(Extracted records)
------

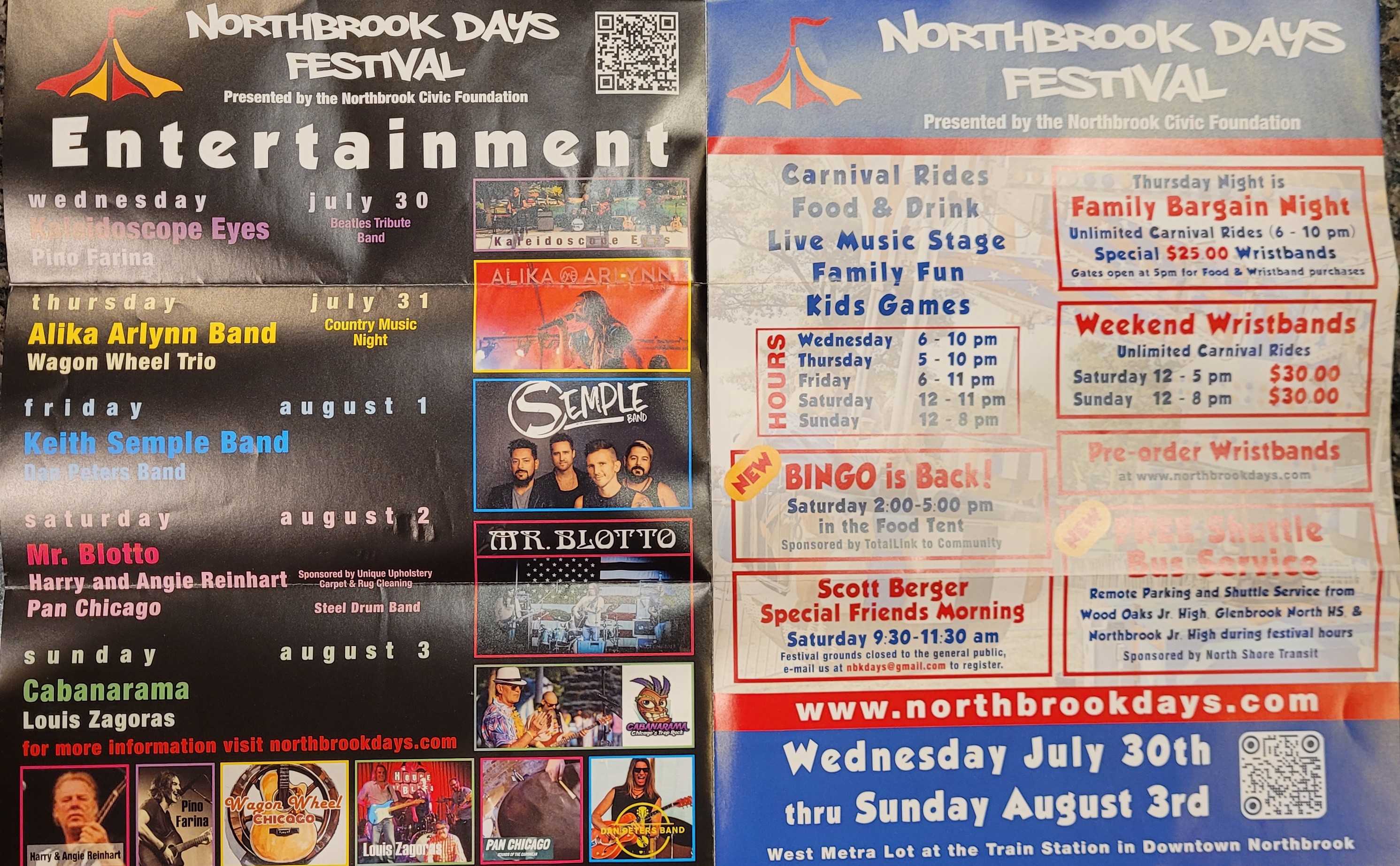 NorthbrookDays.com에서 자세한 스케줄, 밴드 라인업, 손목밴드 정보 등을 확인할 수 있어요!
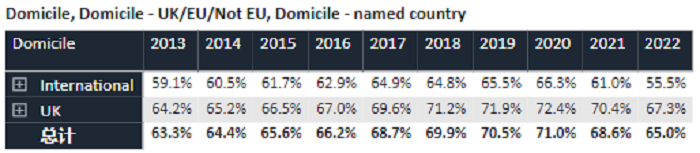 2022年度UCAS共收到了3048480份申請,共發(fā)放了1980590份offer,官方公布的offer率約為65%,比前一年下降了3.6%。
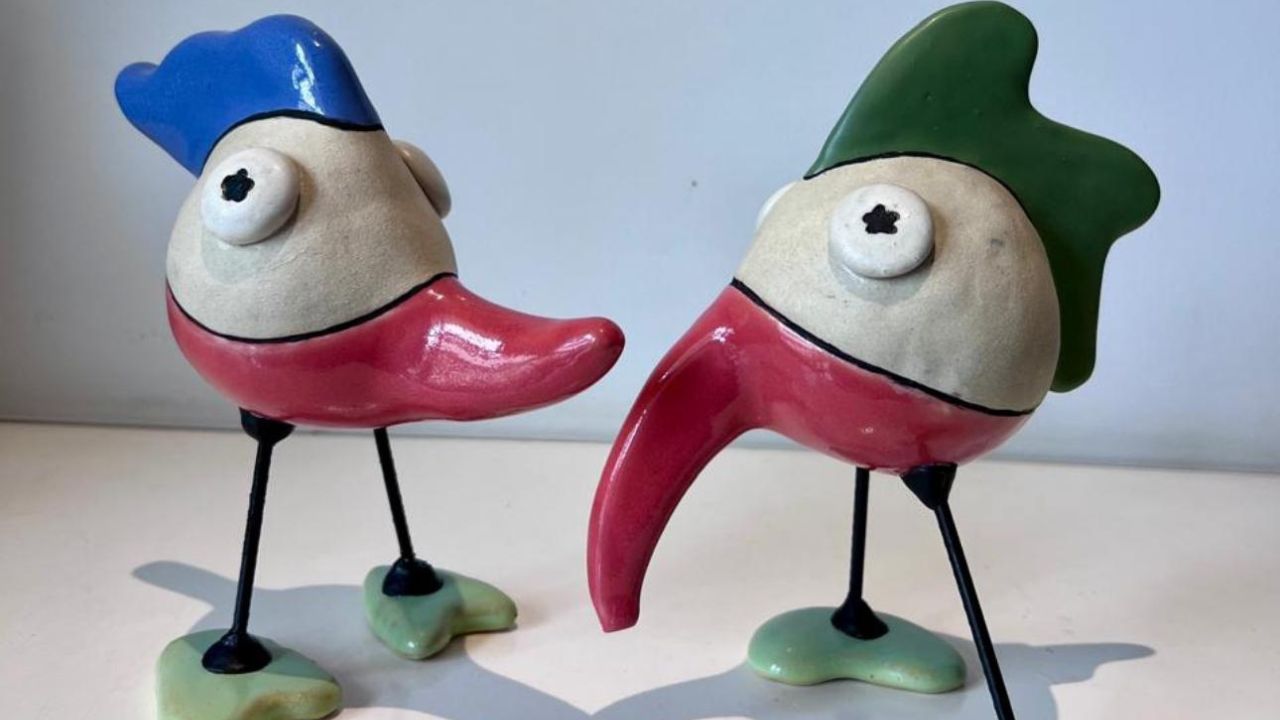 Il gallo e la gallina, elementi ricorrenti nelle opere di Branco, abbandonano la bidimensionalità del quadro per prendere forma nello spazio attraverso le ceramiche di Adriana Chamma. Il disegno si libera dalla superficie e, nel suo farsi tridimensionale, diventa corpo, struttura ed equilibrio. Linee continue e curve raffinate rivelano una costruzione attenta e misurata, in cui il gesto artistico coniuga rigore e leggerezza, ponendo la forma al centro della ricerca. In questo processo, il gallo e la gallina smettono di essere semplici figure narrative e si trasformano in simboli di riconciliazione. Le sculture evocano l’incontro, la coesistenza e l’equilibrio, mettendo in dialogo materia, segno e spazio. Invitano lo sguardo a rallentare e a soffermarsi, riconoscendo nella forma costruita un campo sensibile in cui presenza, silenzio e permanenza si intrecciano.
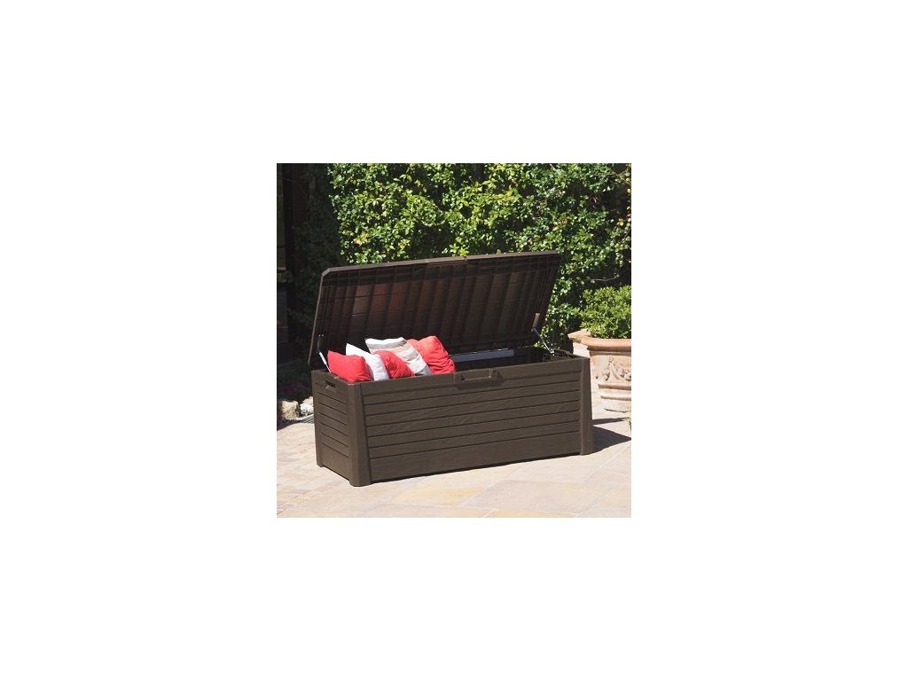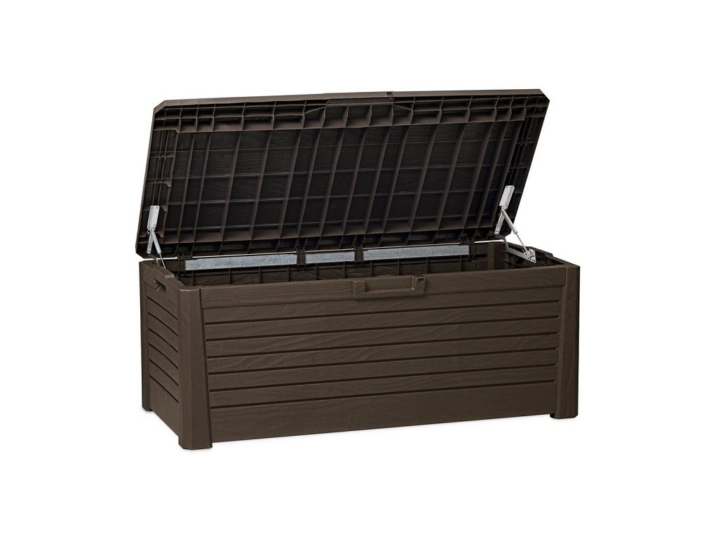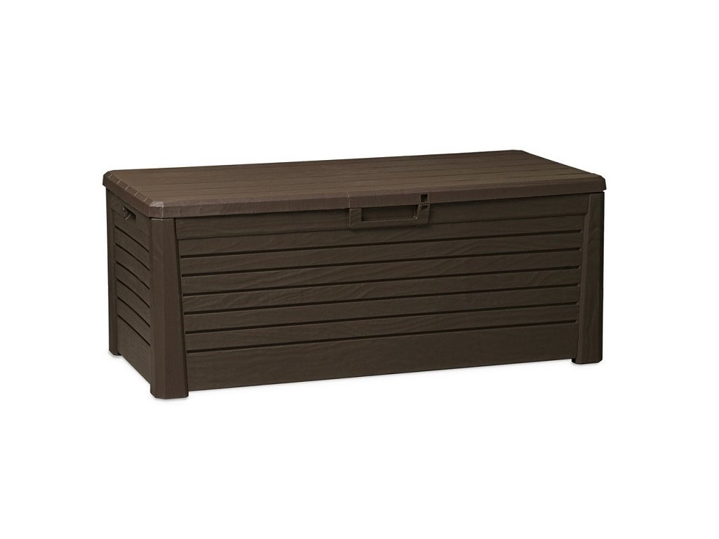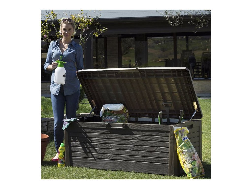 Pevný a objemný 550 litrový plastový úložný box zaujme dřevěným dekorem. Box umožní sezení 2 osob.
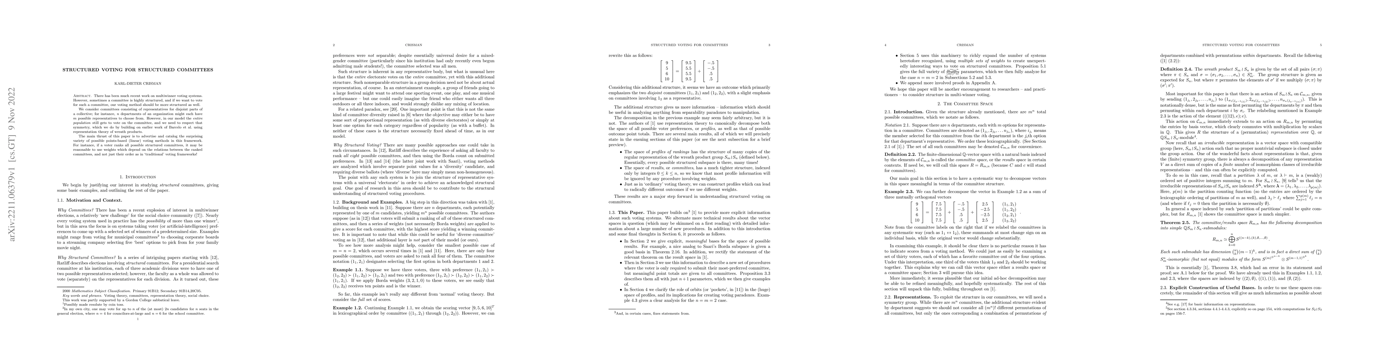 This paper explores structured voting methods for electing committees with distinct parts, such as departments in an organization, using representation theory from wreath products. It catalogs various points-based voting methods that consider relationships between ranked committees, moving beyond traditional linear voting frameworks.
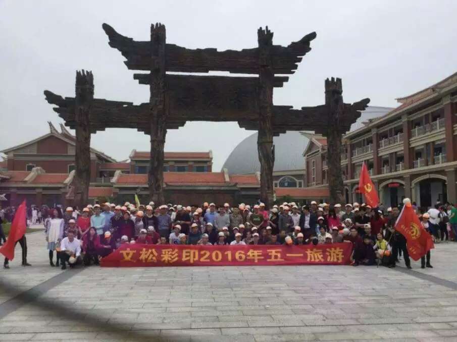 2016年5月1日,文松彩印100余名老員工乘坐2臺旅游大巴前往廈門古龍醬文化園、老院子、園博苑等地旅游參觀。
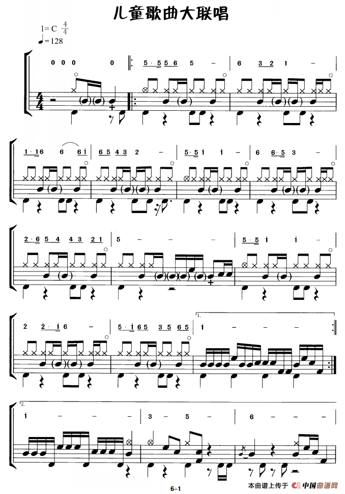 儿童歌曲大联唱(鼓谱)相关五线谱

------

> [WORK ITEM]: Reproduce word for word the lines from the line with "2016年5月1日,文松彩印" to the end of the entries above, both included, but leave the pictures out.

> [THE ANSWER]:
 2016年5月1日,文松彩印100余名老員工乘坐2臺旅游大巴前往廈門古龍醬文化園、老院子、園博苑等地旅游參觀。
 儿童歌曲大联唱(鼓谱)相关五线谱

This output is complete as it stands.